(DATASET EXCERPT)

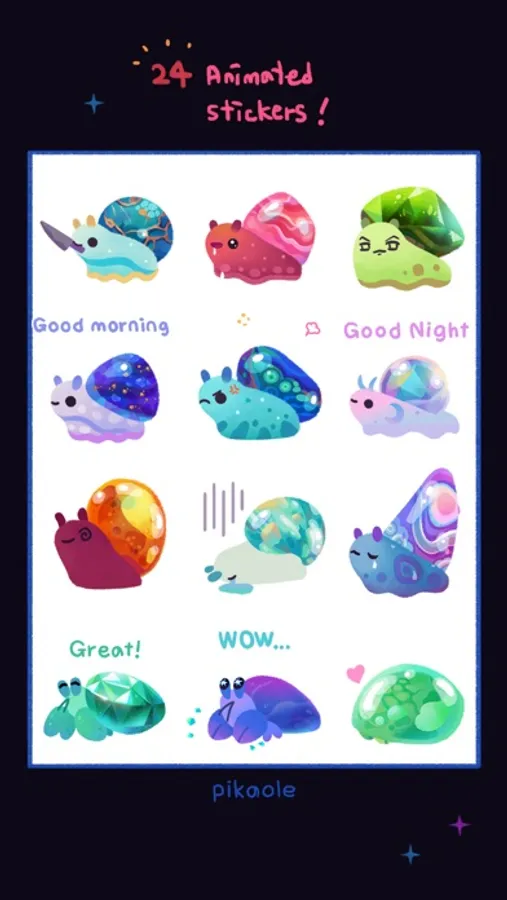 Cute animal sea turtle, tortoise, hermit crab, snail, sea slug with Jewel shells.
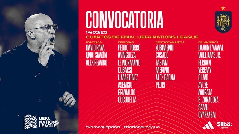 ¡Bienvenidos! Desde ESTADIO Deportivo seguiremos al detalle la nueva convocatoria de Luis de la Fuente; la primera de la selección española en este 2025. Y es que la Roja no competía desde el pasado mes de noviembre.
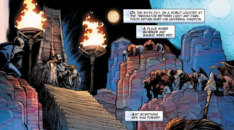 Issue #611 begins with Dr. Doom on the other side of the Bridge, Reed’s portal to other universes, where he’s assembled his own version of the Council of Reeds, the Parliament of Doom. And he now has two Infinity Gauntlets from the Dr. Dooms of the other universes. Doom uses the bridge to find an empty reality and creates his own new universe, a world ruled by equal parts science and magic. He even gives his universe life, populating it with strange creatures.
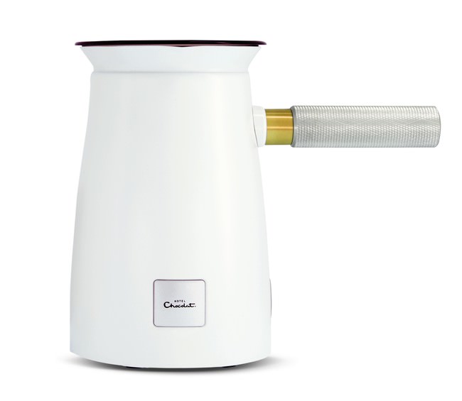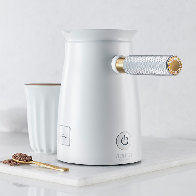 イギリスの家電メーカーDualit(デュアリット)社と共同開発された『ベルべタイザー』は、専用チョコレートフレークとミルクを入れてスイッチを押すだけの簡単操作、約2分半でショコラドリンクが出来上がります。ホットショコラだけでなく、アイスショコラドリンクやチョコレートムース、チョコレートソースなどのアレンジメニューも簡単にお楽しみいただけます。

(End DATASET EXCERPT)

## WORK ORDER
Where pictures sit among the data above, omit them, and output the rest exactly.

## EXERCISE OUTPUT
 Cute animal sea turtle, tortoise, hermit crab, snail, sea slug with Jewel shells.
 ¡Bienvenidos! Desde ESTADIO Deportivo seguiremos al detalle la nueva convocatoria de Luis de la Fuente; la primera de la selección española en este 2025. Y es que la Roja no competía desde el pasado mes de noviembre.
 Issue #611 begins with Dr. Doom on the other side of the Bridge, Reed’s portal to other universes, where he’s assembled his own version of the Council of Reeds, the Parliament of Doom. And he now has two Infinity Gauntlets from the Dr. Dooms of the other universes. Doom uses the bridge to find an empty reality and creates his own new universe, a world ruled by equal parts science and magic. He even gives his universe life, populating it with strange creatures.
 イギリスの家電メーカーDualit(デュアリット)社と共同開発された『ベルべタイザー』は、専用チョコレートフレークとミルクを入れてスイッチを押すだけの簡単操作、約2分半でショコラドリンクが出来上がります。ホットショコラだけでなく、アイスショコラドリンクやチョコレートムース、チョコレートソースなどのアレンジメニューも簡単にお楽しみいただけます。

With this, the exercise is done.